Şeriatta kadının yeri olmadığı hatta erkeğin kölesi olduğu Uğur Mumcu ve Mumcu gibi yazarlar tarihi belgeler ile ortaya koymaktadır. Sadece kadın çocuk değil insan hakları doğa hakları hayvan hakların adı bile yoktur. Mumcu kitabından bir bölüm aktaralım.(((/Modern İslam devletinde bir de kadınların durumunun ne olacağına kısaca göz atalım. Bunların tümünün birden bir kara çarşaflılar ordusuna dönüşeceği, erkeğin dört kadınla evlenmesinin caiz olacağı, kocanın ağzından çıkacak bir «boş ol» sözüyle karısını boşayabileceği gibi, az çok bilinen ve beklenen şeyler üzerinde durmaya gerek yok. Burada vurgulanması gereken nokta, kadın ve erkek arasındaki eşitsizliğin, İslam hukukunun temelinde yatan esaslardan biri oluşudur.

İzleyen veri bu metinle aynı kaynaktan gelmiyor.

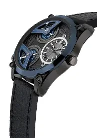 BLU/BLK CASE, BLK/GUN DIAL, BLK STRAP is a men’s wristwatch featuring a

Toplum hayatının her alanında ve her türlü ilişkilerde
şeriatın gözünde kadın ikinci sınıf bir yaratık, bir «yarım insan» sayılır.
Örneğin, mahkemede tanıklık konusunda, iki kadının tanıklığı bir erkeğin tanıklığına eş tutulur (bu, kadınlardan birisi unutursa, öteki ona hatırlatsın diyedir!). Miras hukukunda, erkek evlet iki hisse alırken, kız evlada ancak bir hisse düşer.
Kur'an'ın çeşitli ayetlerinde erkeğin kadına karşı üstünlüğü belirtilmiştir. Erkek, tam anlamıyla kadının efendisidir. (Bakara suresi, «Kadınlarınız sizin için tarladır, tarlanızı nasıl isterseniz ekin» der). Evlilikte, kadın kocasına mutlak olarak itaat edecektir. Peki, itaat etmezse ne olur? Böyle dikbaşlı kadınlara hadlerini bildirmek gerekir. Kur'an, «Onlara önce öğüt verin, sonra yataklarında yalnız bırakın, (yine fayda etmezse) onları dövün» diye emir buyurur (Nisa suresi).
Kısacası, günümüzde insan hakları bildirileri, uluslararası sözleşmeler, kadın erkek eşitliği konusunda ne derse desin, bunlar şeriat düzeninin yürürlükte olduğu ülkelerde geçerli değildir. İşte, kaba çizgileriyle, Rabıta'nın ve onunla «rabıtalıların» Türkiye'yi de içine katmak istedikleri «modem İslam devleti» modeli budur.